Unveiled: New masterplan drawn up for the future of High Town

Plans for two public squares and up to 750 new homes have been laid out in a bold vision for the future of High Town.

Wednesday, 30th March 2016, 8:00 am
Updated Thursday, 31st March 2016, 10:46 am
High Town Road sits at the core of a masterplan for the ward

A newly-updated masterplan for the ward details proposals to transform the car park on High Town Road into a open space large enough to host festivals, markets, exhibitions and other cultural events.

A currently under-utilised slot of land on Welbeck Road is also being eyed as a smaller public square, while loose plans for up to 750 new homes are also in the works.

The masterplan – commissioned by Luton Borough Council and drawn up by architecture firm BDP – is now in its final stages but is set to come under further scrutiny during a six week public consultation.

If successful the plan will then be adopted by the council as a supplementary planning document, which will compliment the town’s Local Plan.

In a report on the masterplan, LBC officer David Carter states that recent activity in High Town suggests that the ward “could be on the cusp of a significant wave of developer activity”.

The plan could both stimulate further growth and have ‘significant’ influence on external investment in the ward, Mr Carter adds.

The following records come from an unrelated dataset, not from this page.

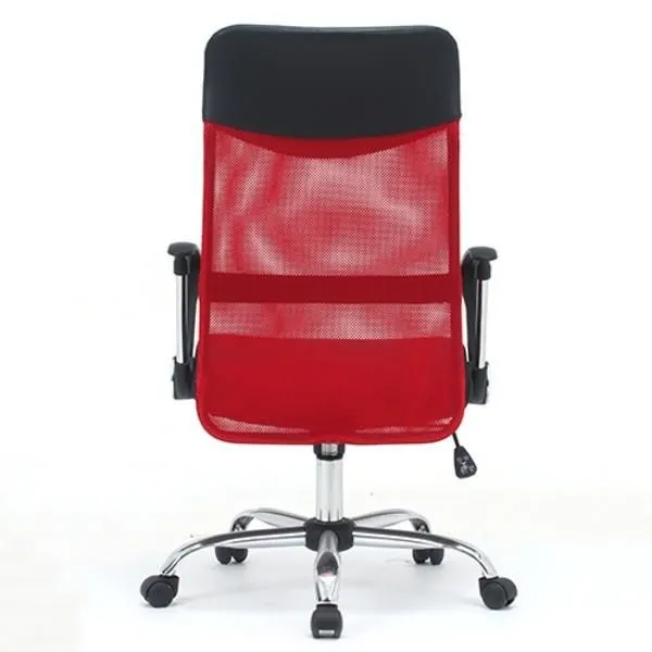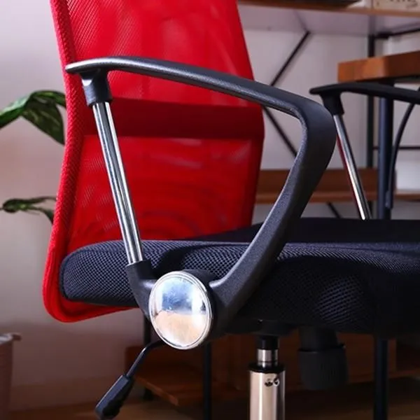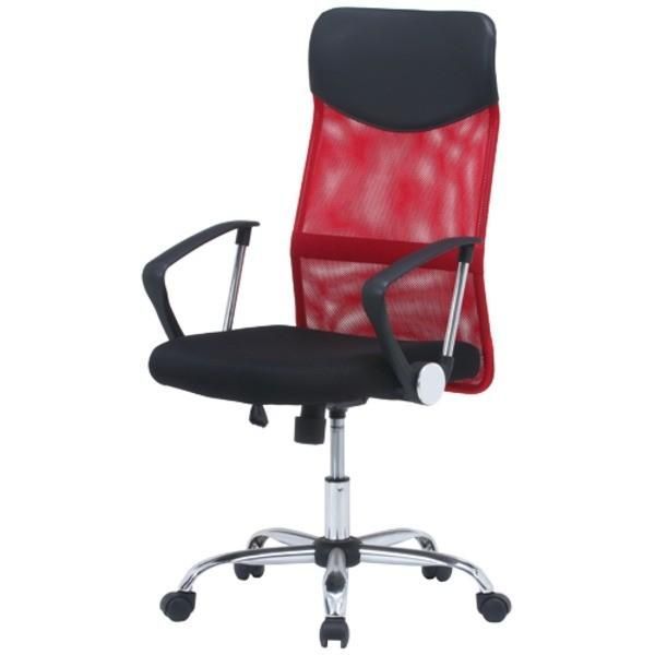 商品名:オフィスチェア デスクチェア 約幅60cm レッド ガス圧昇降機能 肘付 キャスター付 メッシュハイバックチェア 在宅ワーク 組立品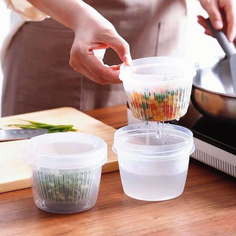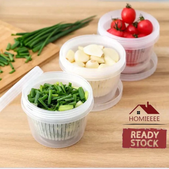 Round Drain Sealed Box 🔥Ready Stock🔥 Ginger Garlic Onion Airtight Food Container Kitchen Storage Bekas Bawang 葱姜蒜沥水保鲜盒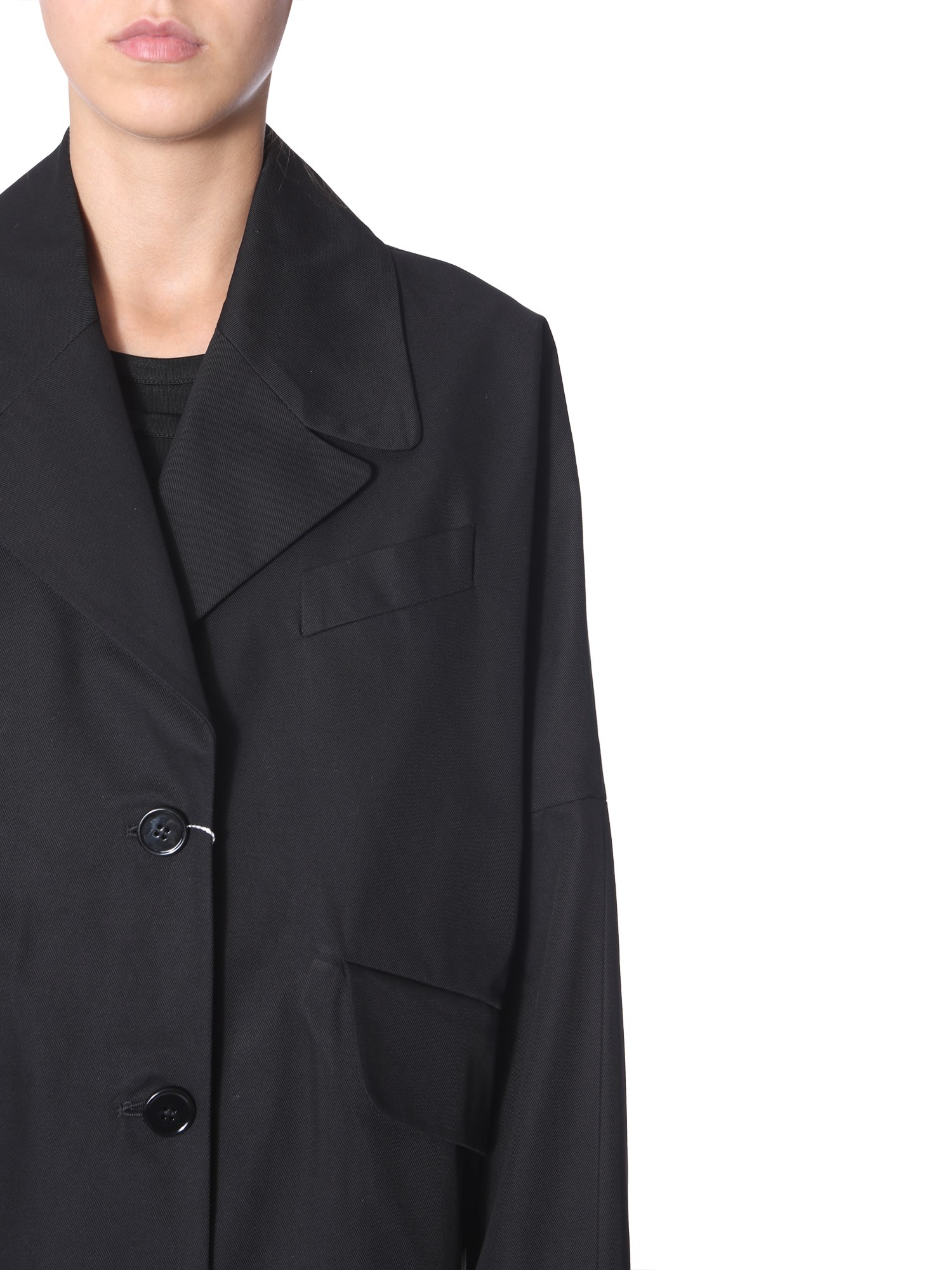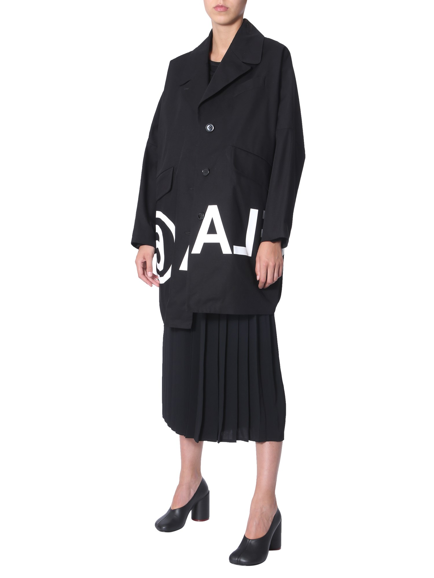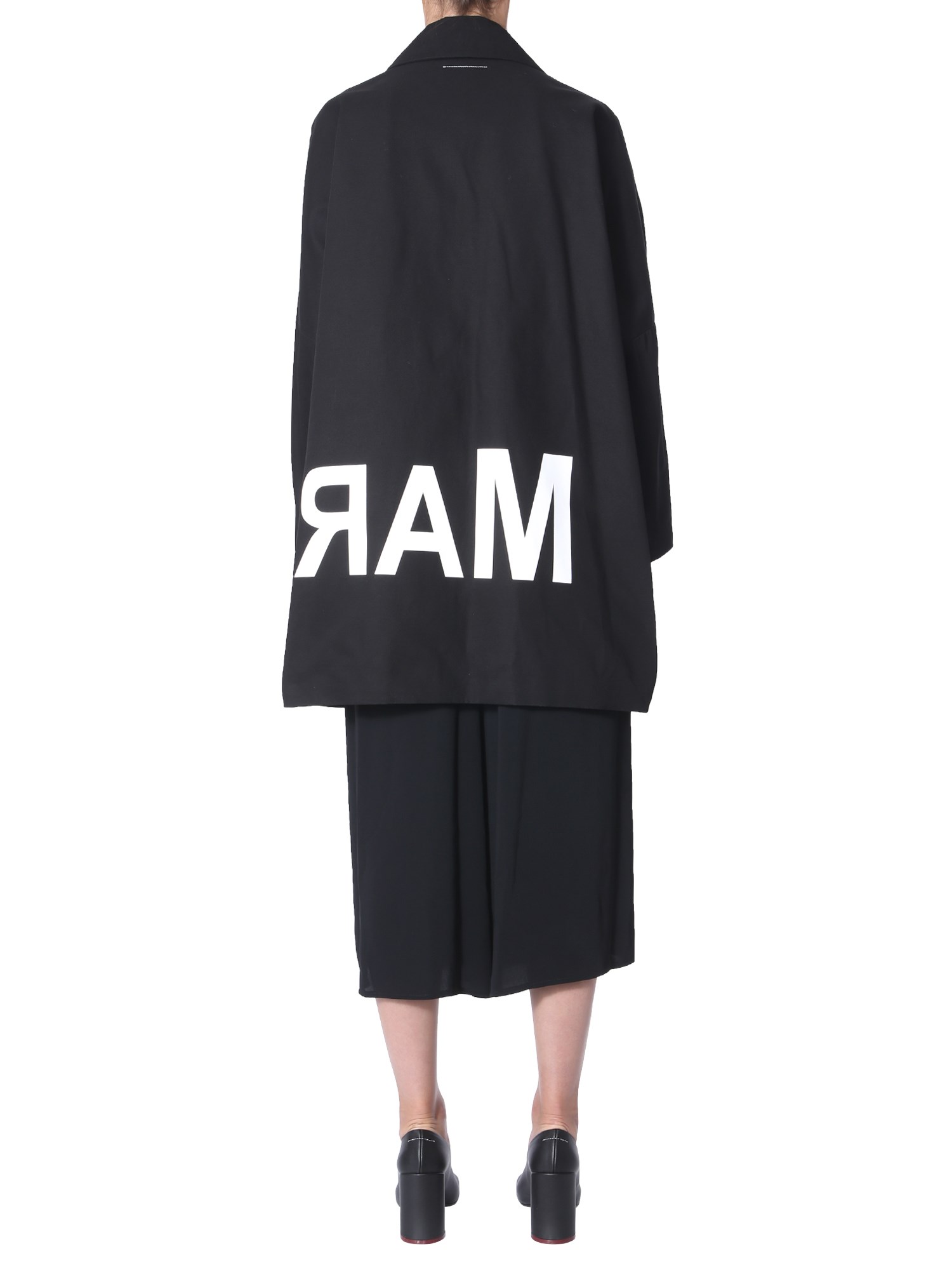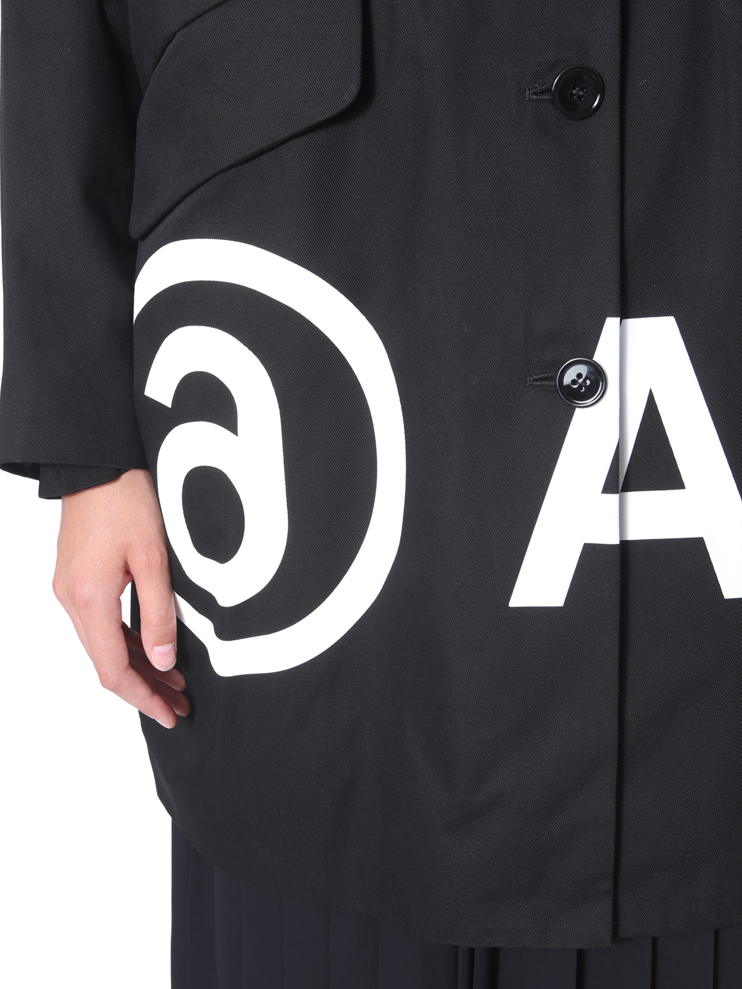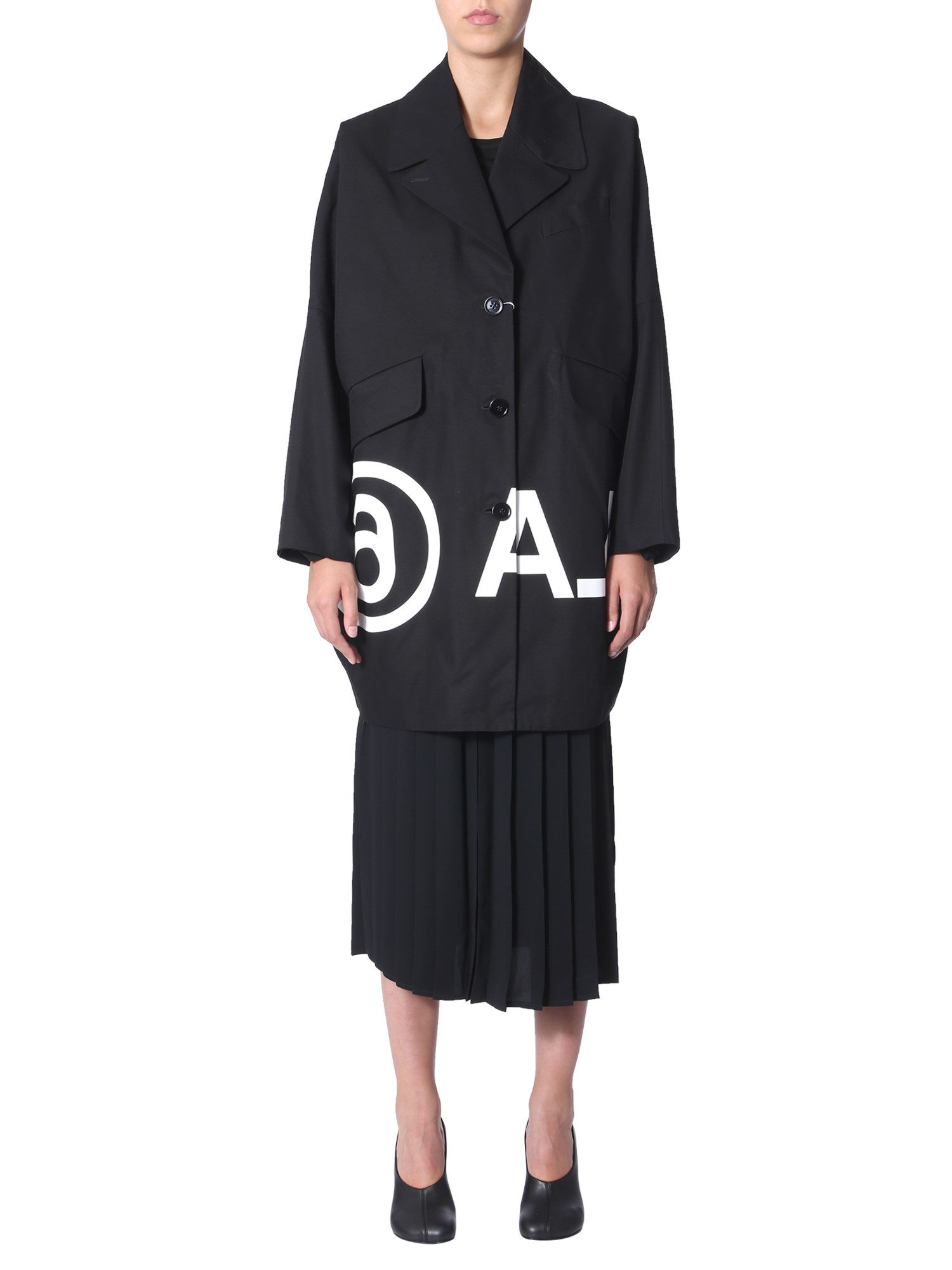 Keep the winter ensemble stylish and warm with this coat with logo from MM6 Maison Margiela. The coat has a classic notched lapel front with two oblique pockets for a unique touch. This oversized fit coat has a minimalist design which is perfect for official meetings and events. You can style it with bellbottom pants and high heels to look your best.

Speaking to the Luton News LBC’s portfolio holder for housing, Cllr Tom Shaw, said: “With the station there is no reason why it can’t be one of the most important parts of Luton, a destination that people want to go to.

“We have spent the last 18 months working on it and it can only be good for High Town.

“The area has had one or two plans in the past but this one is doable over a period of time and just needs everyone working together.

“The public consultation is an important part of that.”

Cllr Shaw added: “Two years ago we sat down with people from Derby for a roundtable discussion and what came out of it was them describing how they went a different way by putting together a complete neighbourhood plan for an area.

“When they described the area we instantly thought about High Town as it was behind a train station, had Victorian houses, factory units, as well as newer buildings.

“We thought, if they can do it why can’t we?”

BDP’s masterplan lists nine key development sites across High Town, which planners say could yield 598 residential units (187 homes and 411 apartments).

The majority of this figure comes from six sub plots around Midland Road which would give enough space for 47 houses and 189 apartments.

The plan also suggests that though it is a ‘fragmented’ site, Brunswick Street is another road could sustain large residential developments totalling 25 houses and 104 apartments.

At present much of High Town’s ‘East Village’ is made up of industrial units and if the masterplan is recognised poorly performing employment accommodation in the area will be ‘displaced’.

The masterplan acknowledges that this may cause problems as “some owners will seek unrealistically high values for their land, extinguishment payments for the closure of their business and others will fight redevelopment plans.”

The document will be discussed at a meeting of LBC’s executive committee on Monday night, when councillors will also consider setting up a delivery group “to provide the momentum to ensure effective implementation” of the masterplan.